The consultant should sent a written report of their findings to the referring physician. 

To document a high level consult the physician must document a complete history, complete exam and high level of decision making. If time is used it is 110.minutes You can get the guidelines @ cms.gov 

hope this helps you
Ann


----------



## RebeccaWoodward* (Apr 3, 2009)

*Request:*

Specifically, a consultation service is distinguished from other evaluation and management (E/M) visits because it is provided by a physician or qualified nonphysician practitioner (NPP) whose opinion or advice regarding evaluation and/or management of a specific problem is *requested by another physician or other appropriate source*.

*Render:*

A request for a consultation from an appropriate source and the need for consultation (i.e., the reason for a consultation service) shall be documented by the consultant in the patient's medical record and included in the requesting physician or qualified NPP's *plan of care *in the patient's medical record

*Report:*

After the consultation is provided, the consultant shall prepare a written report of his/her findings and recommendations, which shall be provided to the referring physician.

http://www.cms.hhs.gov/MLNMattersArticles/downloads/mm4215.pdf

Also...30.6.10

http://www.cms.hhs.gov/manuals/downloads/clm104c12.pdf


Below is a clinical example- 99255 requires a comprehensive history, comprehensive exam and MDM of high complexity


http://emuniversity.com/ClinicalExample99245.html

Now...there are other factors that can be considered.

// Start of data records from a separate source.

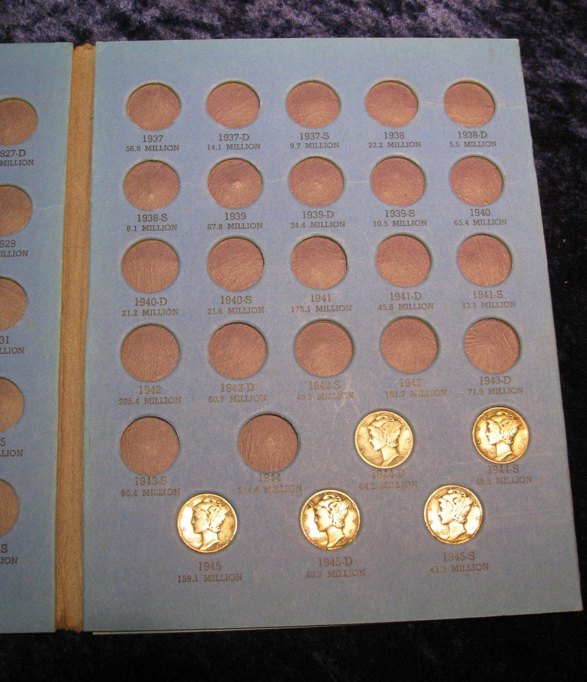 1340. 1944D, 44S, 45P, 45D & 45S Mercury Dimes. VG-F.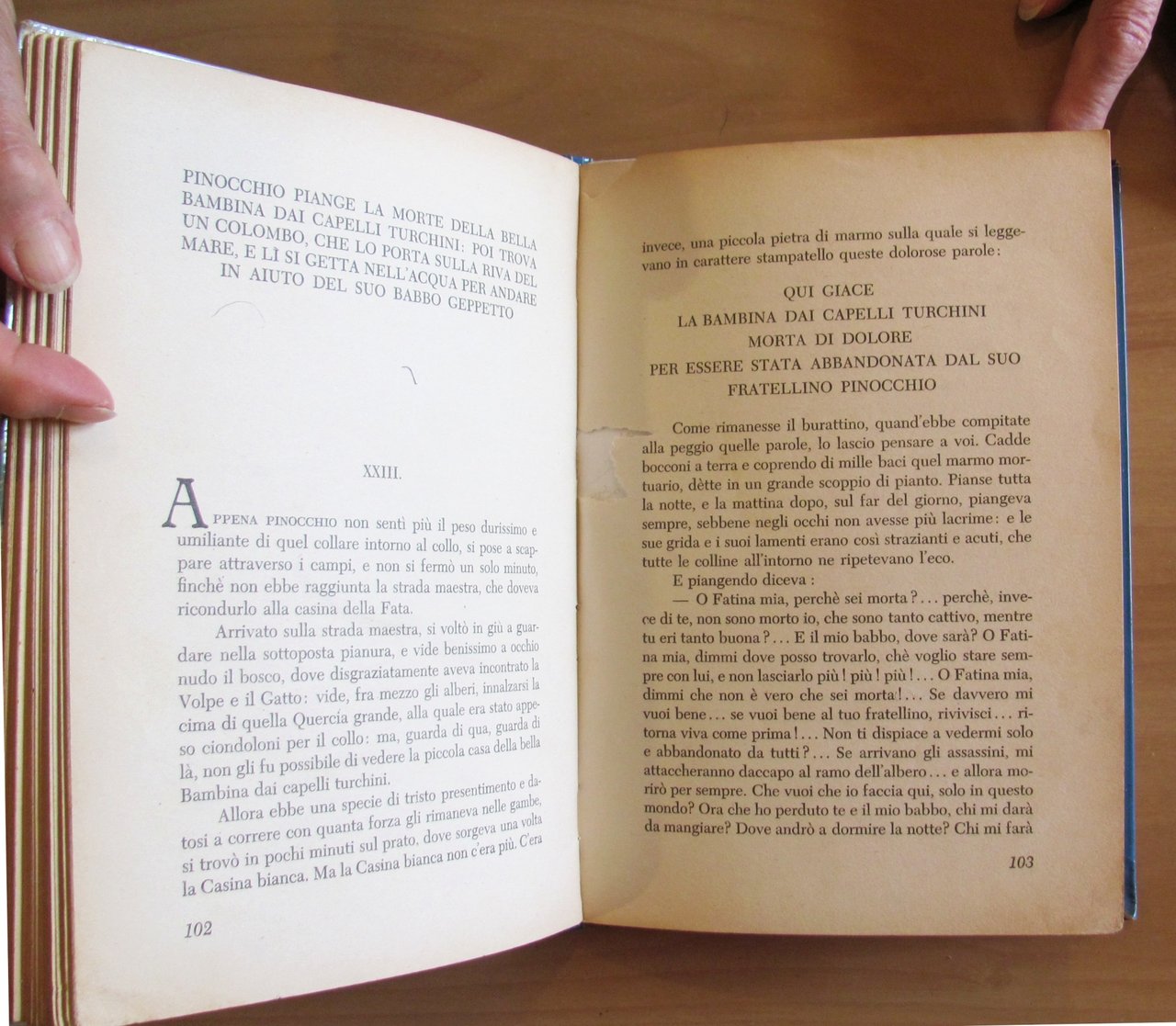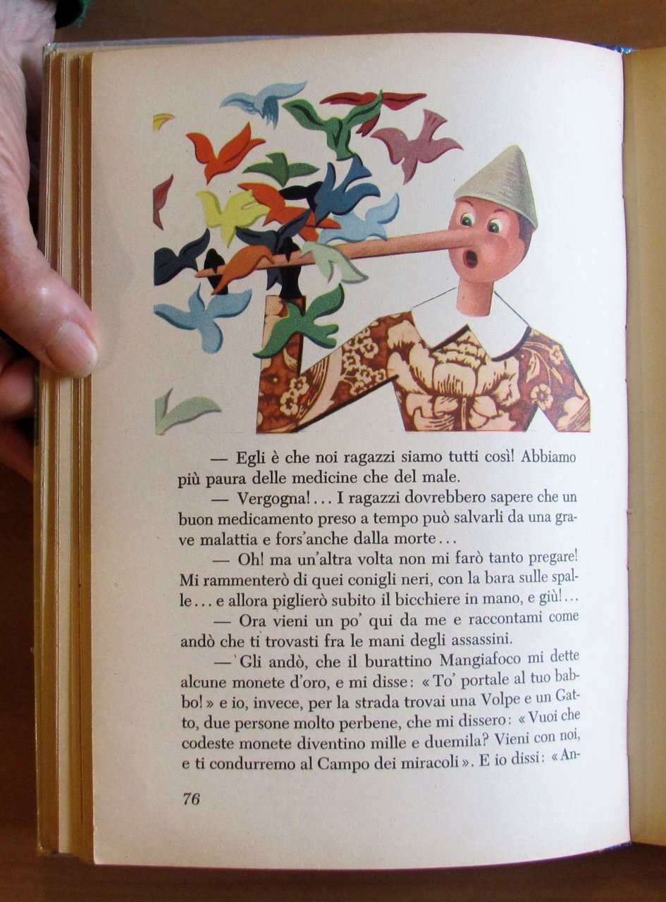 Storia di un Burattino - Collana Girasole. Illustrazione a due colori n.t. e molte belle tavole a colori a piena pagina di Furlan. Editrice Aristea - Milano, s.d. anni '60. Testo Integrale. Brossura editoriale con lievi imperfezioni del tempo al dorso, un taglietto restaurato al frontespizio, una piccola mancanza ad una pagina, due segnetti a penna e qualche piccola imperfezione marginale in poche pagine. Libro comunque molto fresco, pulito e perfettamente legato. 17x24,5; pp.208. Buonissimo stato. , Molto buono (Very Good)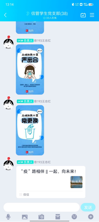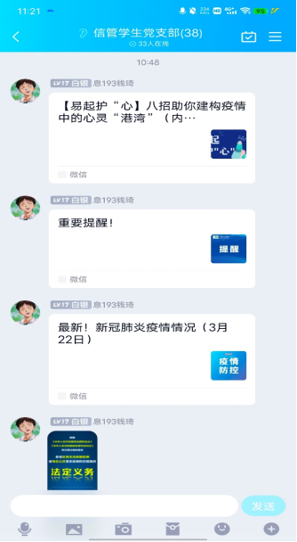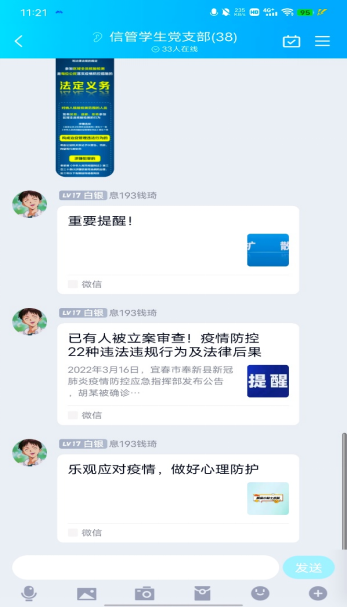 由于疫情特殊时刻,校园进行封闭管理且要求减少聚集,支部线下会议不能正常召开。支部书记刘瑜联合支部其他负责人钱琦、王志红等成员临时组建支部疫情防控宣传小组,在党支部的群里面向各位党员开展相关系列思想宣传工作。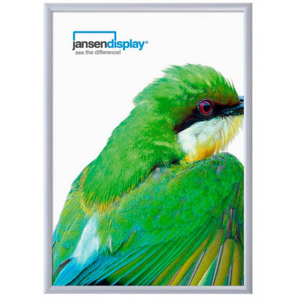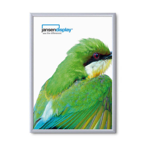 Klapprahmen mit B1 Brandschutzzertifikat nach DIN4102, silber eloxiertem Aluminiumprofil (2,5 cm), Gehrungsecken und stoßfester Metallrückwand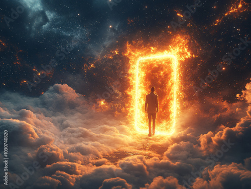 a man standing in front of a heaven golden gat, swirling portal, set against a backdrop of a starry sky.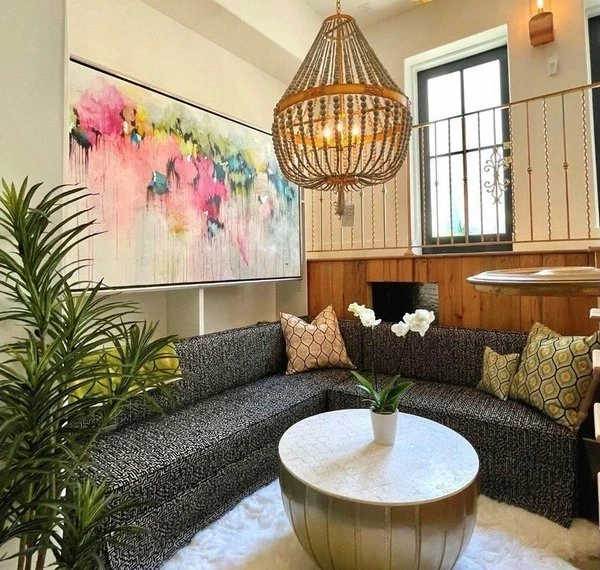 With stylish crystals and natural hemp accents, this unique piece is sure to transform any room into a fashionable masterpiece. Perfect for the entryway in your home, dance studio, bank, church, you name it!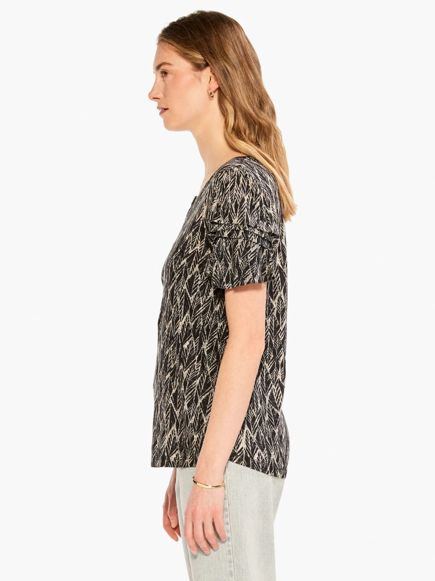 If you ask us, very T-shirt collection needs a touch of print. This split neck tee features an intricate design inspired by nature in a black and an elegant neutral so it goes with everything. The fun fashion sleeve features flutter detailing for extra airiness, and it’s made from our deliciously breathable linen modal blend.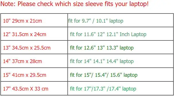Примечание: Пожалуйста, проверьте, какой размер рукава подходит вашему ноутбуку!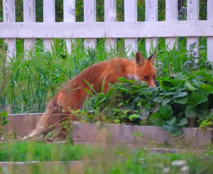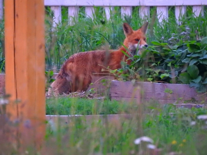 Жительница Питкярантского района заметила лиса, который лакомится клубникой с грядки. Женщина успела запечатлеть любителя ягод.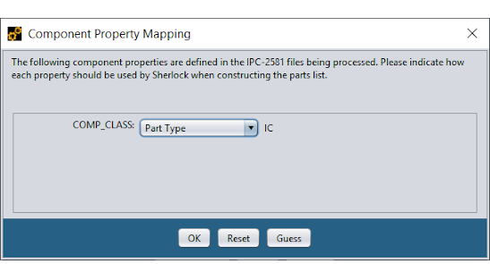The Component Property Mapping dialog is an important, but sometimes overlooked, dialog that allows you to map various component/part properties included in the IPC-2581 file to corresponding Sherlock property fields. Sherlock parses any BomItem description and BomItem textual characteristics found in the IPC-2581 file to produce this dialog. The item COMP_CLASS in this example was found and the value IC was an example value found in the file. If desired, the indicated Sherlock part property will be assigned the values found for COMP_CLASS associated with each part found. If the indicated Sherlock part property is not correct or the indicated IPC-2581 property doesn't apply, change the selection to the correct Sherlock part property or to the value of Ignore.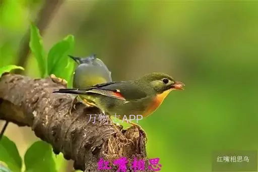 相思鸟(Silver-eared Mesia 学名:Leiothrix)别名红嘴玉、红嘴绿观音、恋鸟,在西方叫“乃丁格”(情鸟)。隶属鹟科、画眉亚科、相思鸟属,栖息于平原及海拔1000米的小丘,活动于常绿阔叶林、灌丛和竹丛间。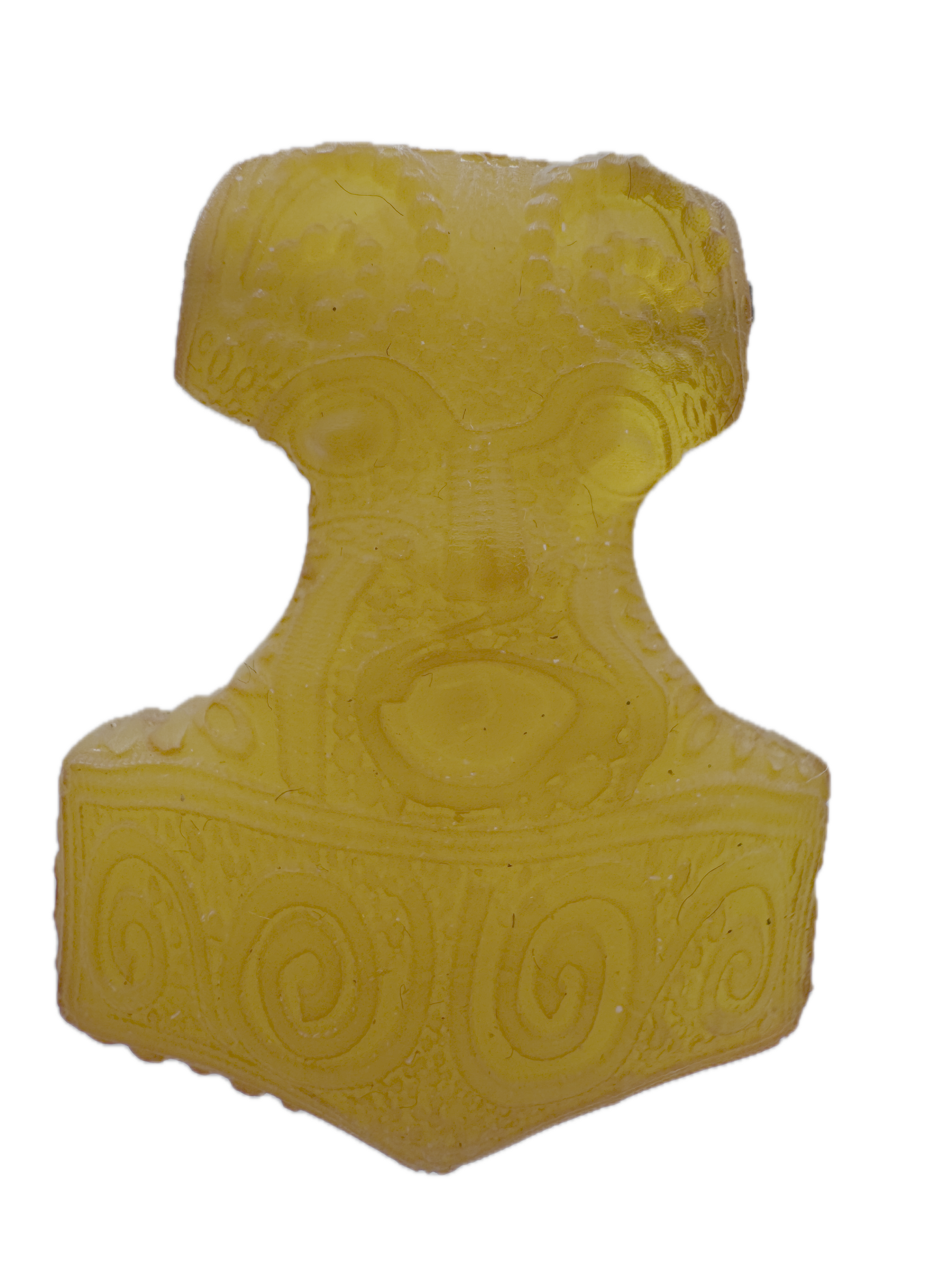Dieser großformatige Thorshammer aus echtem Bernstein ist ein absolutes Einzelstück. In sorgfältiger Handarbeit gefertigt, überzeugt das Schmuckstück durch seine markante Formgebung und die klar ausgearbeiteten Gravuren. Besonders ins Auge fallen die spiralförmigen Ornamente im unteren Bereich, die symmetrischen Linien im Mittelteil, sowie die fein strukturierte Oberfläche, die dem Anhänger Tiefe und Charakter verleiht.

Consultations may be billed based on time if the counseling/coordination of care constitutes more than 50 percent of the face-to-face encounter between the physician or qualified NPP and the patient.

Also...as for sharing the information with the requesting provider...
Consultation Report

A written report shall be furnished to the requesting physician or qualified NPP.

In an emergency department or an inpatient or outpatient setting in which the medical record is shared between the referring physician or qualified NPP and the consultant, the request may be documented as part of a plan written in the requesting physician or qualified NPP's progress note, an order in the medical record, or a specific written request for the consultation. In these settings, the report may consist of an appropriate entry in the common medical record.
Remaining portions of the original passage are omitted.